--- START ---
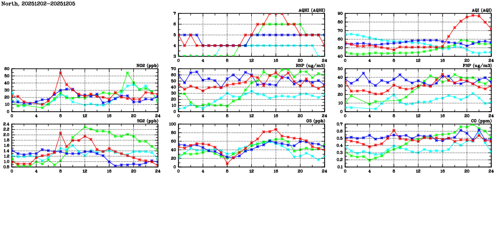 | Air Quality Data Time Series in North (2025/12/05) | ( Line colors: Day -3 Day -2 Day -1 Current day ) | 2D Map Current AQHI |
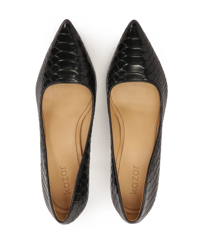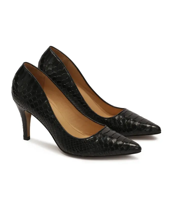 Черные туфли-лодочки из натуральной кожи с тиснением, имитирующим кожу змеи, – настоящая дань бессмертной классике и утонченному стилю. Каждая чешуя точно прорисована, создавая поразительную текстуру, которая притягивает взгляд и придает обуви исключительную глубину. Черный цвет и классический крой придают им универсальность и позволяют органично вписываться в самые разные стили, как формальные, так и повседневные. Высококачественная кожа адаптируется к ноге и обеспечивает оптимальную поддержку и комфорт в течение всего дня. Крошечная кожаная подошва отличается долговечностью и эстетической привлекательностью. Подкладка из полуанилиновой овчины обеспечивает исключительный комфорт благодаря отличным свойствам поглощения влаги.
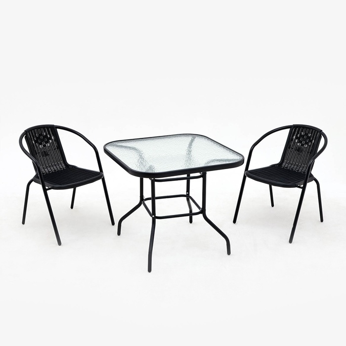 Набор садовой мебели: Стол квадратный 80 х 80 х 73 см и 2 стула черного цвета
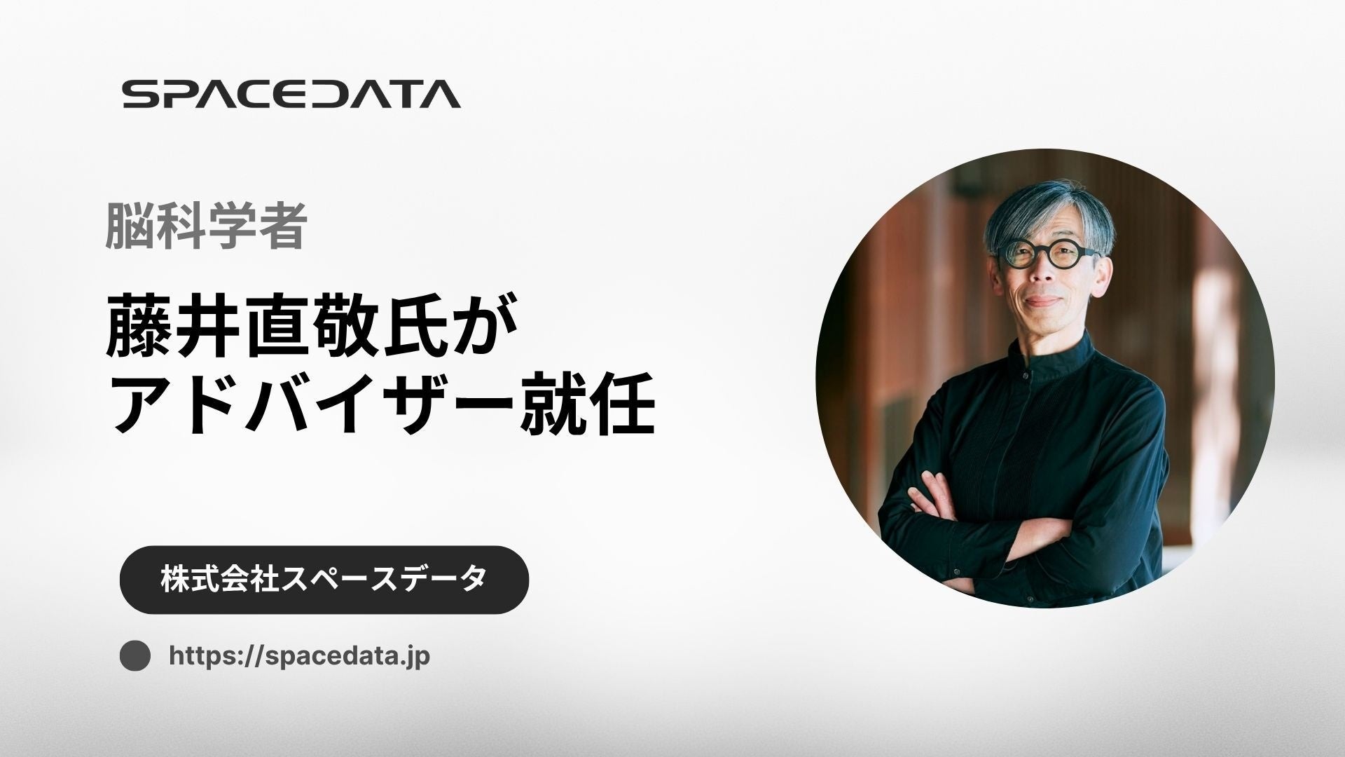 株式会社スペースデータ(本社:東京都港区、代表取締役社長:佐藤航陽、以下 スペースデータ)は、脳科学とテクノロジーの融合による人間拡張の第一人者である藤井直敬(ふじい なおたか)氏が、当社のアドバイザーに就任したことをお知らせいたします。藤井氏の専門的知見を通じて、宇宙空間における人間の認知・感覚・行動設計に関する研究開発を加速し、宇宙を「暮らしの場」とするための基盤づくりを推進してまいります。
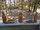 VTG See No Evil Hear No Evil Speak No Evil Monkeys Jointed Legs Shelf Sitting Figural Buddhist Japanese Chinese Folk Art Style Decorations These all have a fair amount of paint chipping all over as well as marks or rubbed spots. I have shown all of these in the pictures, some of these close up. Please see all pictures. These are very lightweight. I believe they may be wood because in the pictures showing a close up of a joint on the leg you can see that it is splintered. I am not sure if they are all hand carved painted wood or some resin material as well.
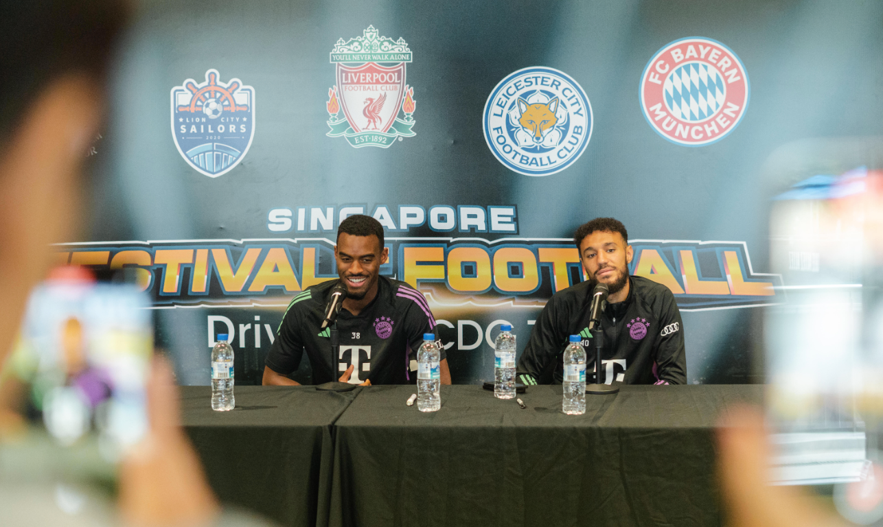 On Monday, FC Bayern Munich full-back Noussair Mazraoui and midfielder Ryan Gravenberch made a special appearance at the Lion City Sailors Training Centre for an exclusive meet and greet session with 25 fans. The players gamely posed for pictures and signed autographs for the awestruck fans. Those present also got to hear from the players about some of the highlights of their football career. FC Bayern Munich are in Singapore for the first time since 2017, and their return has been warmly received by their supporters. On Monday, over 40 fans waited outside FC Bayern Munich’s training ground at the Lion City Sailors Training Centre. Their patience was rewarded, with some of them getting autographs from the likes of Matthijs de Ligt, Alphonso Davies and new signing Kim Min-jae.
--- END ---
**Exercise instructions**
Without carrying over any picture, write out the entries above once more, exactly.

**Exercise answer**
 | Air Quality Data Time Series in North (2025/12/05) | ( Line colors: Day -3 Day -2 Day -1 Current day ) | 2D Map Current AQHI |
 Черные туфли-лодочки из натуральной кожи с тиснением, имитирующим кожу змеи, – настоящая дань бессмертной классике и утонченному стилю. Каждая чешуя точно прорисована, создавая поразительную текстуру, которая притягивает взгляд и придает обуви исключительную глубину. Черный цвет и классический крой придают им универсальность и позволяют органично вписываться в самые разные стили, как формальные, так и повседневные. Высококачественная кожа адаптируется к ноге и обеспечивает оптимальную поддержку и комфорт в течение всего дня. Крошечная кожаная подошва отличается долговечностью и эстетической привлекательностью. Подкладка из полуанилиновой овчины обеспечивает исключительный комфорт благодаря отличным свойствам поглощения влаги.
 Набор садовой мебели: Стол квадратный 80 х 80 х 73 см и 2 стула черного цвета
 株式会社スペースデータ(本社:東京都港区、代表取締役社長:佐藤航陽、以下 スペースデータ)は、脳科学とテクノロジーの融合による人間拡張の第一人者である藤井直敬(ふじい なおたか)氏が、当社のアドバイザーに就任したことをお知らせいたします。藤井氏の専門的知見を通じて、宇宙空間における人間の認知・感覚・行動設計に関する研究開発を加速し、宇宙を「暮らしの場」とするための基盤づくりを推進してまいります。
 VTG See No Evil Hear No Evil Speak No Evil Monkeys Jointed Legs Shelf Sitting Figural Buddhist Japanese Chinese Folk Art Style Decorations These all have a fair amount of paint chipping all over as well as marks or rubbed spots. I have shown all of these in the pictures, some of these close up. Please see all pictures. These are very lightweight. I believe they may be wood because in the pictures showing a close up of a joint on the leg you can see that it is splintered. I am not sure if they are all hand carved painted wood or some resin material as well.
 On Monday, FC Bayern Munich full-back Noussair Mazraoui and midfielder Ryan Gravenberch made a special appearance at the Lion City Sailors Training Centre for an exclusive meet and greet session with 25 fans. The players gamely posed for pictures and signed autographs for the awestruck fans. Those present also got to hear from the players about some of the highlights of their football career. FC Bayern Munich are in Singapore for the first time since 2017, and their return has been warmly received by their supporters. On Monday, over 40 fans waited outside FC Bayern Munich’s training ground at the Lion City Sailors Training Centre. Their patience was rewarded, with some of them getting autographs from the likes of Matthijs de Ligt, Alphonso Davies and new signing Kim Min-jae.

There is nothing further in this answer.